§ TASK
A faithful copy of all the data is the goal; omit the pictures.

§ STORED DATA
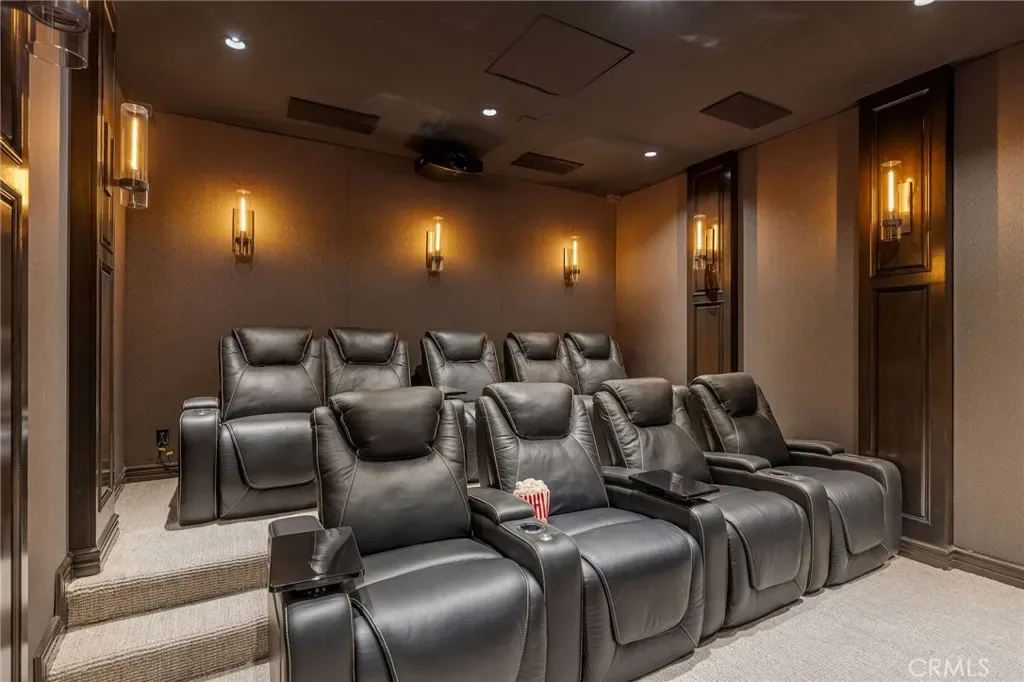The home features five bedrooms, six-and-a-half baths, a private office, and a dedicated movie theater, all serviced by a three-stop elevator. Following its 2020 sale, the residence underwent a transformative $5 million-plus renovation, elevating it to an entirely new standard of craftsmanship and finish.
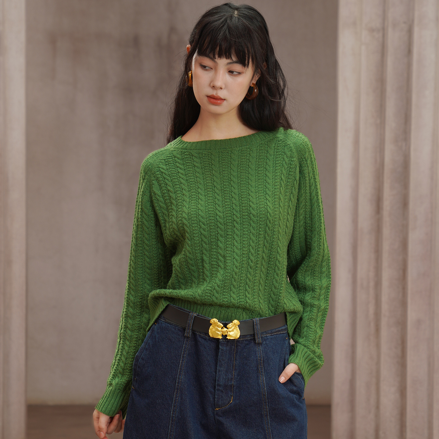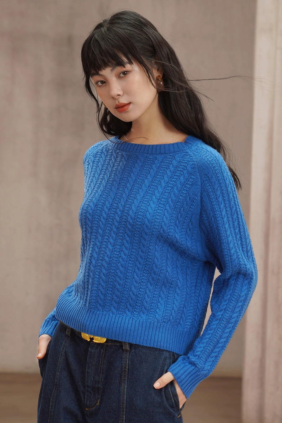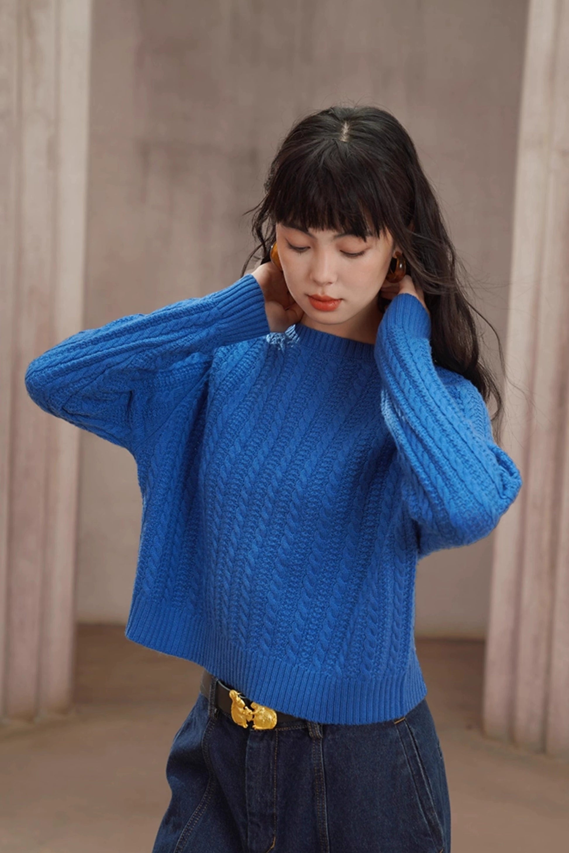 レトロケーブルニットウール混セーター B4454
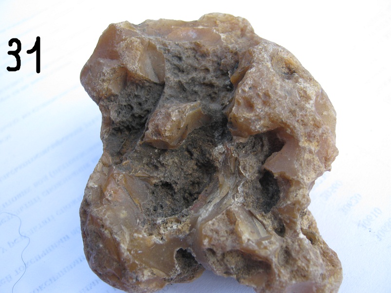 31 - кремни обычно образуются в известняках. При этом замещение идёт избирательно (где-то больше, где-то меньше). Потом, при высвобождении кремня из известняка включения известняка растворяются, образуя полости в кремне.
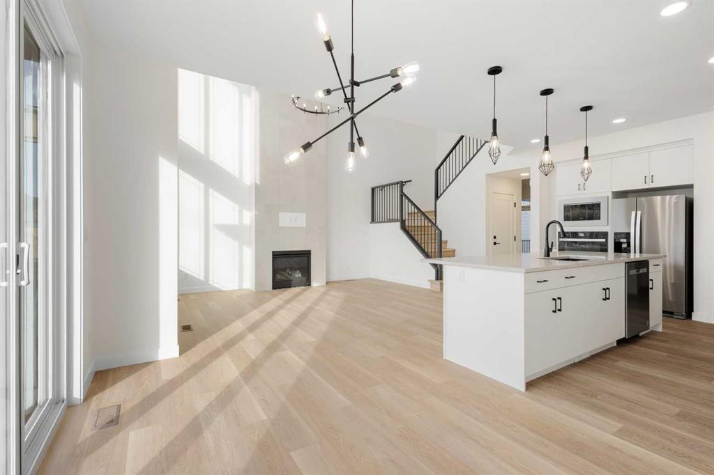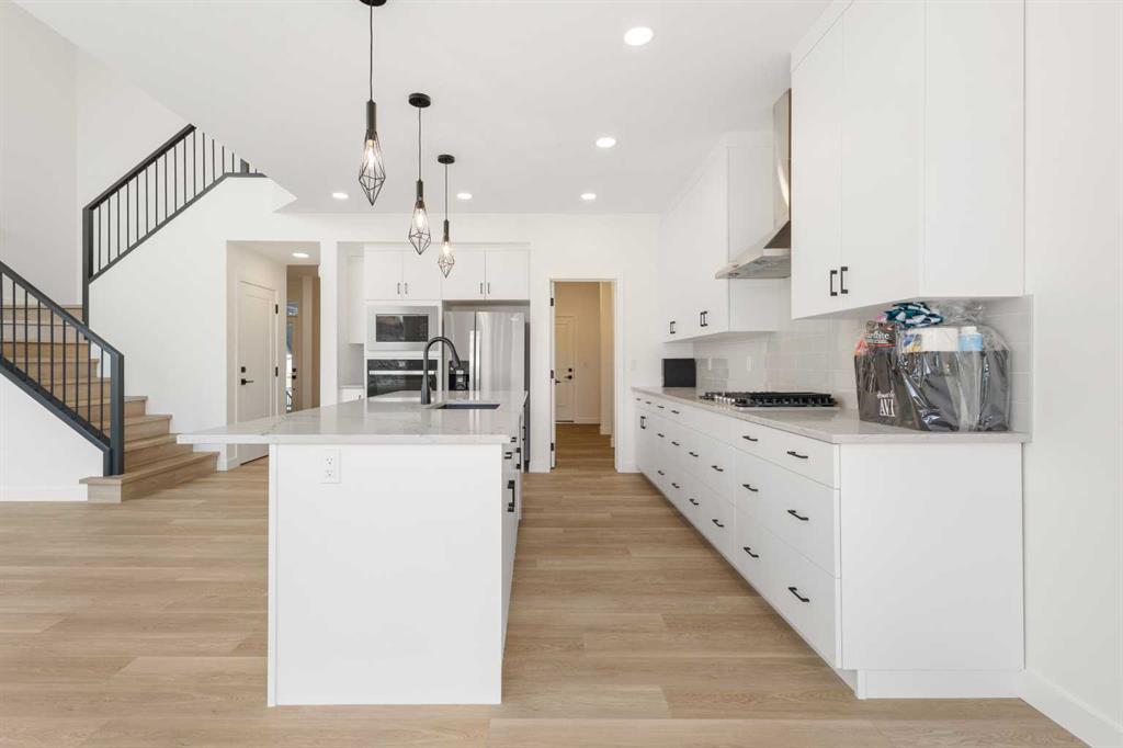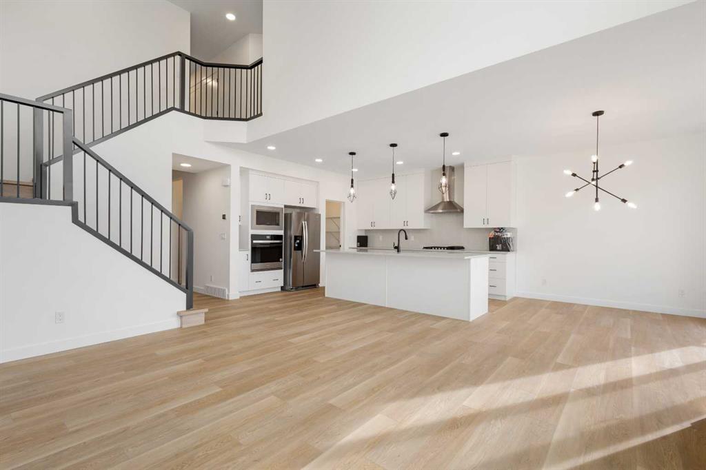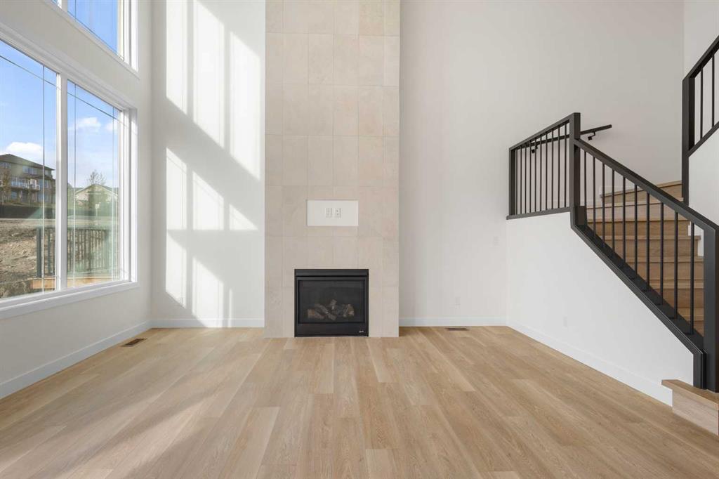OPEN HOUSE 1-3pm Sunday Nov 3rd. Nestled in prestigious Aspen Spring Estates, this brand new home offers 3000 sqft living space with perfect combination of modern and functionality. The exceptional open-concept main floor offers a spacious flex room, open to above living room, bright dining area, gourmet kitchen and 2 pc powder room. The expensive floor to ceiling windows provide plenty of natural sunlight. The main floor is covered with trendy luxury vinyl plank flooring throughout. The chef's kitchen complete with stainless steel appliances, gas cooktop, chimney hood fan, large upgraded quartz contertops, and a convenient walk-through pantry. Plenty of space for hosting gatherings with friends and family. The spacious breakfast nook has easy access to the west-facing deck and backyard without nighbour behind. The upper level offers a master bedroom with walk-in closet & 5 pc ensuite, additional two bedrooms, a shared main bathroom, front facing bonus room and laundry room. The legal suite basment features additional bedroom, living room, full bathroom and second kitchen. Just minutes away from the aspen landing shopping centre, transit and LRT, top ranked schools, parks, and pathways with great access to the mountains. The new home warranty offers new owner peace of mind!

§ EXERCISE ANSWER
The home features five bedrooms, six-and-a-half baths, a private office, and a dedicated movie theater, all serviced by a three-stop elevator. Following its 2020 sale, the residence underwent a transformative $5 million-plus renovation, elevating it to an entirely new standard of craftsmanship and finish.
 レトロケーブルニットウール混セーター B4454
 31 - кремни обычно образуются в известняках. При этом замещение идёт избирательно (где-то больше, где-то меньше). Потом, при высвобождении кремня из известняка включения известняка растворяются, образуя полости в кремне.
OPEN HOUSE 1-3pm Sunday Nov 3rd. Nestled in prestigious Aspen Spring Estates, this brand new home offers 3000 sqft living space with perfect combination of modern and functionality. The exceptional open-concept main floor offers a spacious flex room, open to above living room, bright dining area, gourmet kitchen and 2 pc powder room. The expensive floor to ceiling windows provide plenty of natural sunlight. The main floor is covered with trendy luxury vinyl plank flooring throughout. The chef's kitchen complete with stainless steel appliances, gas cooktop, chimney hood fan, large upgraded quartz contertops, and a convenient walk-through pantry. Plenty of space for hosting gatherings with friends and family. The spacious breakfast nook has easy access to the west-facing deck and backyard without nighbour behind. The upper level offers a master bedroom with walk-in closet & 5 pc ensuite, additional two bedrooms, a shared main bathroom, front facing bonus room and laundry room. The legal suite basment features additional bedroom, living room, full bathroom and second kitchen. Just minutes away from the aspen landing shopping centre, transit and LRT, top ranked schools, parks, and pathways with great access to the mountains. The new home warranty offers new owner peace of mind!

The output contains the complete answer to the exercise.